[Opening Task data section]

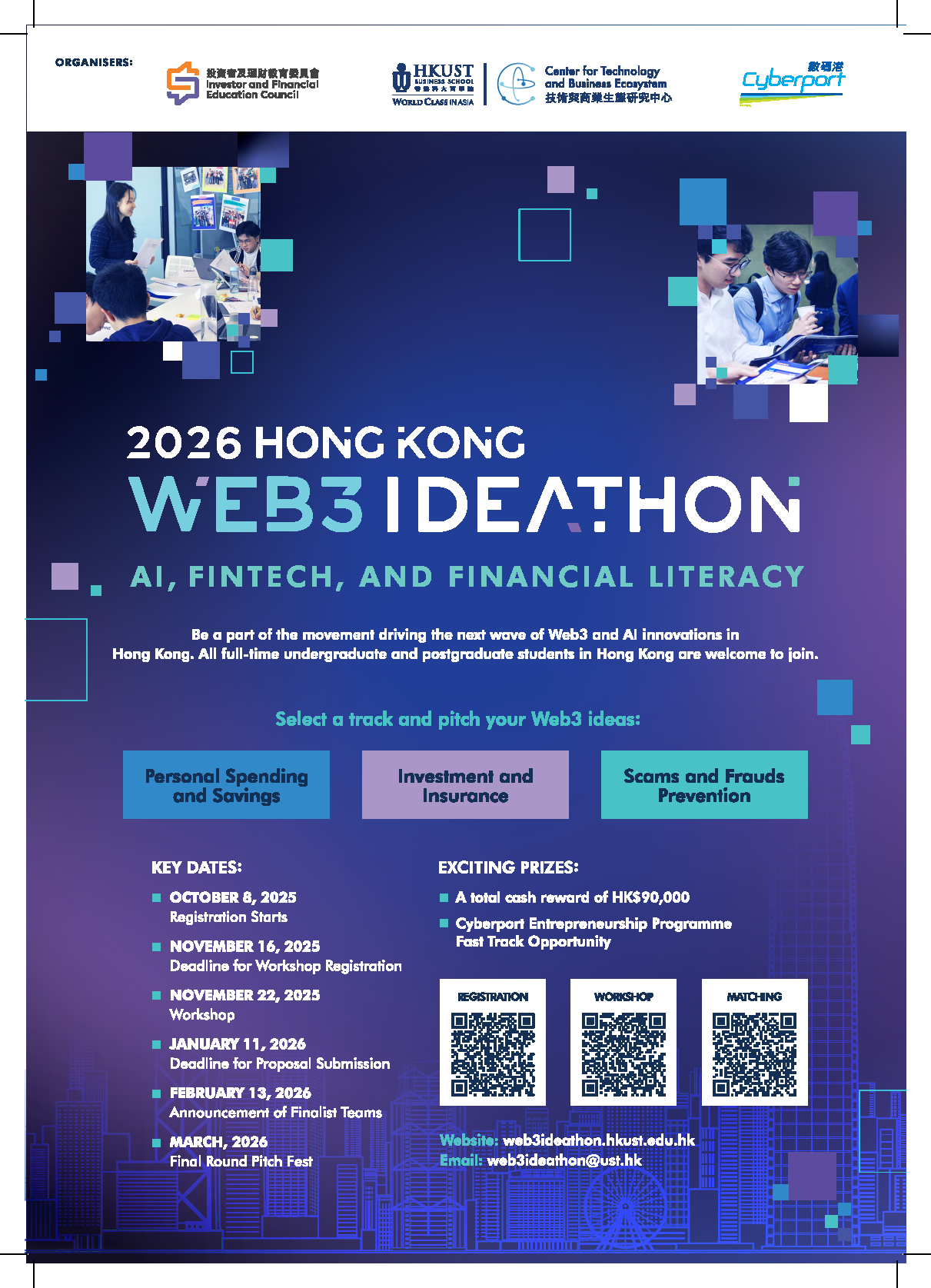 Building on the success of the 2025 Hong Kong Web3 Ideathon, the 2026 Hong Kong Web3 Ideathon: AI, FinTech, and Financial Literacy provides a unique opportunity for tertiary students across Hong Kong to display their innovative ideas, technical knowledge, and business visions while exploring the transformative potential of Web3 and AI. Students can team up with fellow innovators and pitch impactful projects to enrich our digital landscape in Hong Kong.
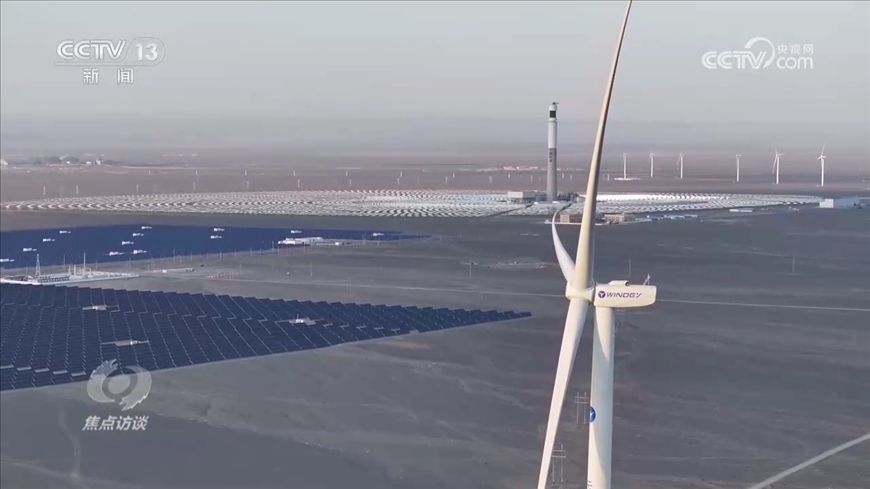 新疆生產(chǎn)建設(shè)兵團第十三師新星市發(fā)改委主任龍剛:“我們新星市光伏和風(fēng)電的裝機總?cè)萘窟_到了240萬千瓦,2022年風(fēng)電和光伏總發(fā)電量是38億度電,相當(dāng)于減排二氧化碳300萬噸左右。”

[Closing Task data section]
[Opening Task data section]

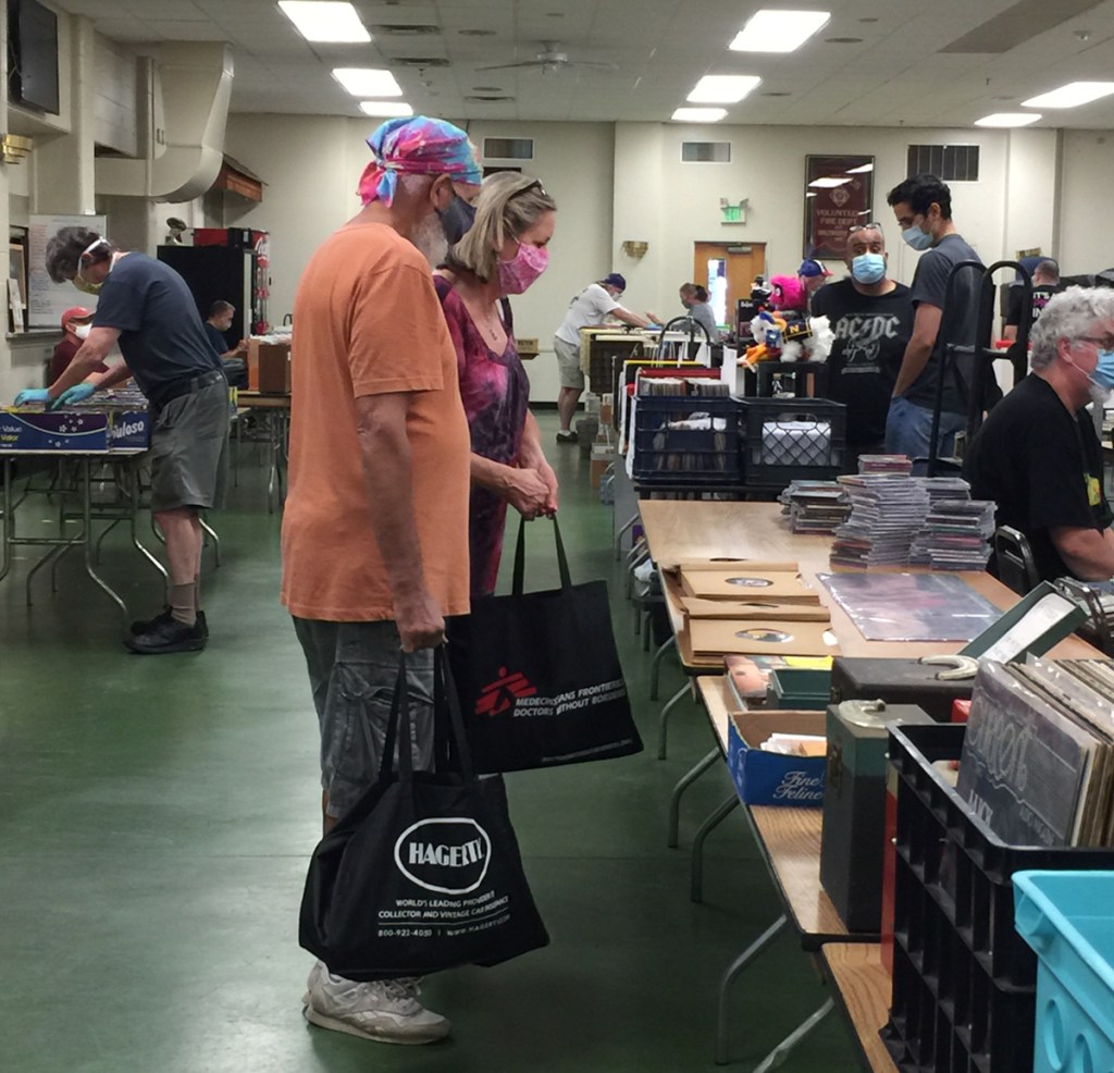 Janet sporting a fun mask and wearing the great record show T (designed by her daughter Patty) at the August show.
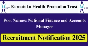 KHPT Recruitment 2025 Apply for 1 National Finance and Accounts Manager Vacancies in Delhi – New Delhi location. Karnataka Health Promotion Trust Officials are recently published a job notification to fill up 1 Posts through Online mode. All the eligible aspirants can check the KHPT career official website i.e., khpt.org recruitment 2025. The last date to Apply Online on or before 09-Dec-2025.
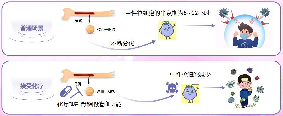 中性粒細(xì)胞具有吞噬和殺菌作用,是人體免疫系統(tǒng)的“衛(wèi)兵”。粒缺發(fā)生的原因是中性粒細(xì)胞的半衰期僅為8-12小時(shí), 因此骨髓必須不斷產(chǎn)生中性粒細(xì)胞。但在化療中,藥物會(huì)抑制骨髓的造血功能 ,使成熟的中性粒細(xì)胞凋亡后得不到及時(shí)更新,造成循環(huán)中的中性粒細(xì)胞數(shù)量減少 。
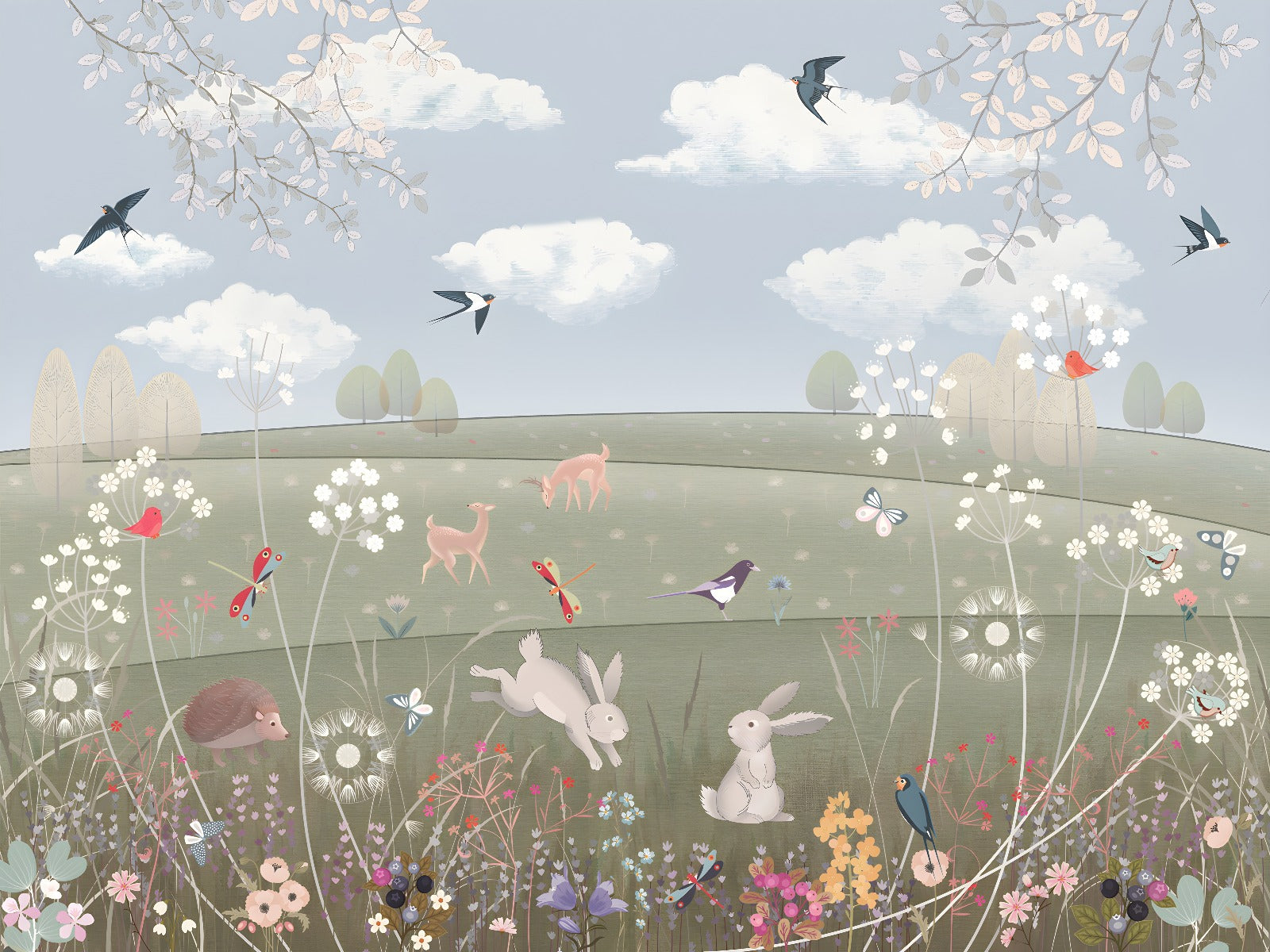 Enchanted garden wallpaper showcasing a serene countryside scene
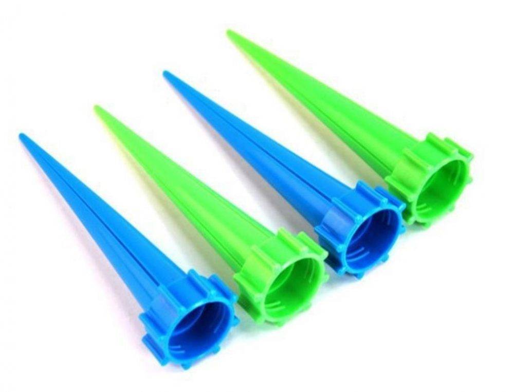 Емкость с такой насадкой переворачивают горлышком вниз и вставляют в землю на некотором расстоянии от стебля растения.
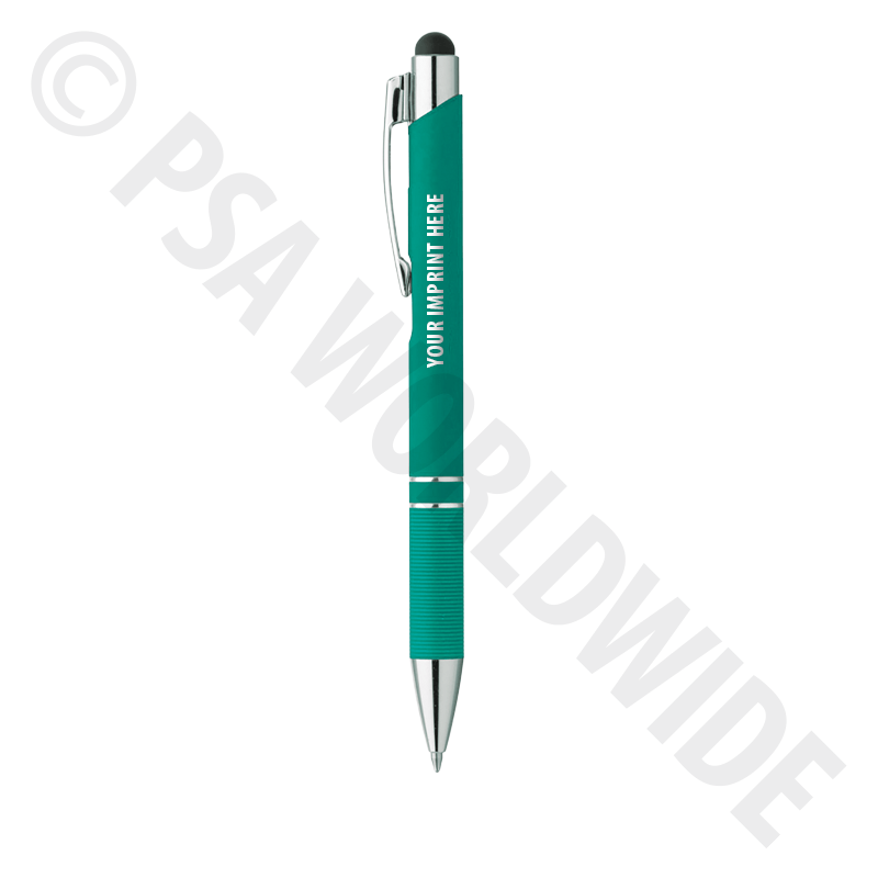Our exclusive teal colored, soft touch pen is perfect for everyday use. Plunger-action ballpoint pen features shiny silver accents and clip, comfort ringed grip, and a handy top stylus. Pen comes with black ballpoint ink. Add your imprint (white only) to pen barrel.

[Closing Task data section]

◆ **The problem**:
Your answer must be everything above from the line with "Емкость с такой" down to the line with "Our exclusive teal", word for word, and no pictures.

◆ **Output below**:
 Емкость с такой насадкой переворачивают горлышком вниз и вставляют в землю на некотором расстоянии от стебля растения.
Our exclusive teal colored, soft touch pen is perfect for everyday use. Plunger-action ballpoint pen features shiny silver accents and clip, comfort ringed grip, and a handy top stylus. Pen comes with black ballpoint ink. Add your imprint (white only) to pen barrel.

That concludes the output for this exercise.